Wednesday, November 29, 2006

Indonesia's Bono vs. the Islamists

Daveed Gartenstein-Ross recently published a fascinating article for the Weekly Standard on how Indonesia's top pop star has taken a stand against the spread of radical Islamism in his country:

A ROCK STAR WOULD BE the last person one might expect to address a major defense policy conference. Yet the National Homeland Defense Foundation Symposium, held on October 3 in Colorado Springs, welcomed such a guest: thirty-four-year-old Ahmad Dhani.
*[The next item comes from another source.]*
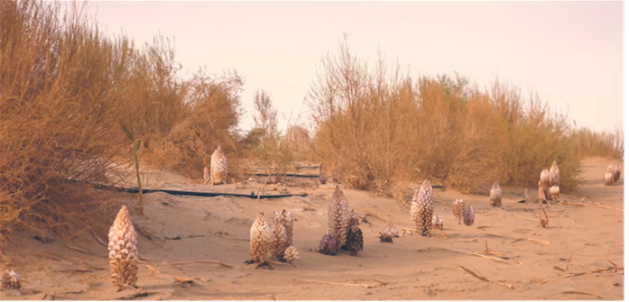 4、“以林养林”示范点:在DK255~DK258铁路两侧的植物防护林带中开展了以林养林研究,在梭梭植株的根部寄生经济作物大芸。
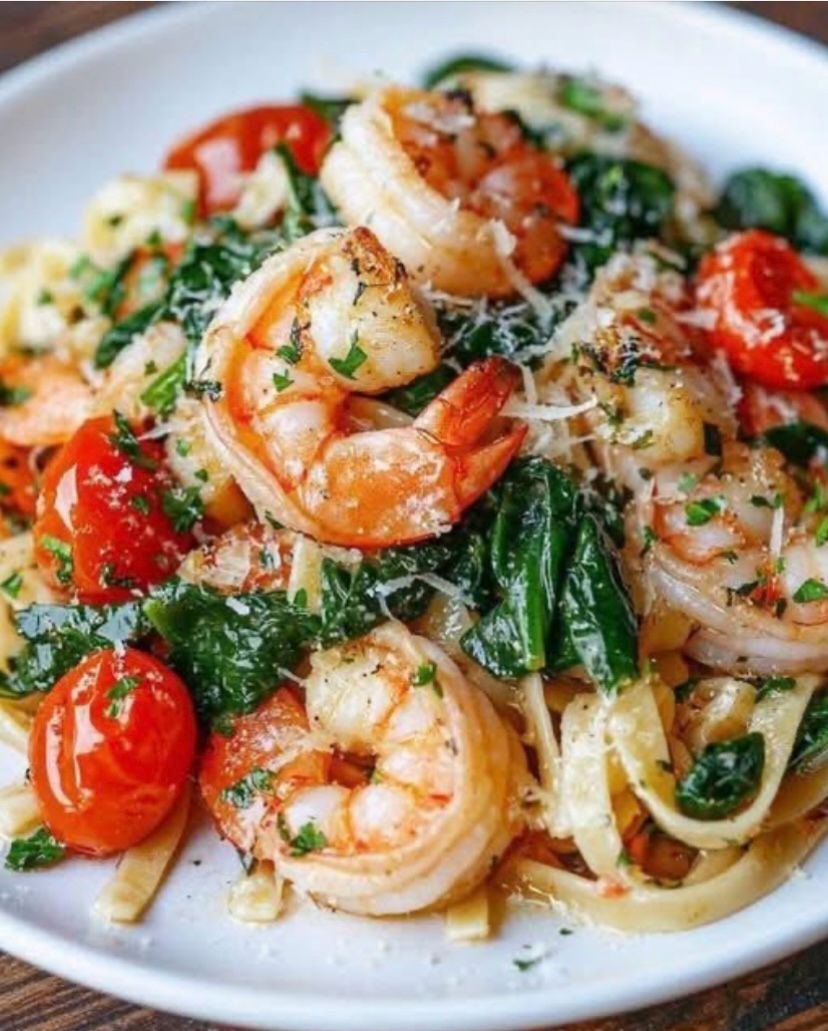 Sautéed shrimp, tomatoes, spinach cream sauce over pasta

Dhani is nothing short of a superstar in his native Indonesia, where he performs to sold-out crowds with his band Dewa 19, and where his music has defined a generation of young Indonesians. Frequently compared to U2 frontman Bono, Dhani and his band's music took a political turn two years ago. Since dictator Suharto was ousted from power in 1998, the country has been engaged in a high-stakes "culture war": Islamic political movements have been able to operate more freely, and extremist groups like Hizb ut-Tahrir and the Islamic Defenders Front have been pushing for the adoption of sharia law. Indonesia has been plagued by major terror attacks in Jakarta and Bali, and by religious and communal violence, such as clashes between Muslims and Christians in early 1999. Dhani and his group, like many urbanites, were alarmed by these developments. They decided to use their music to respond to the hateful ideology that has been seducing so many Indonesian youths.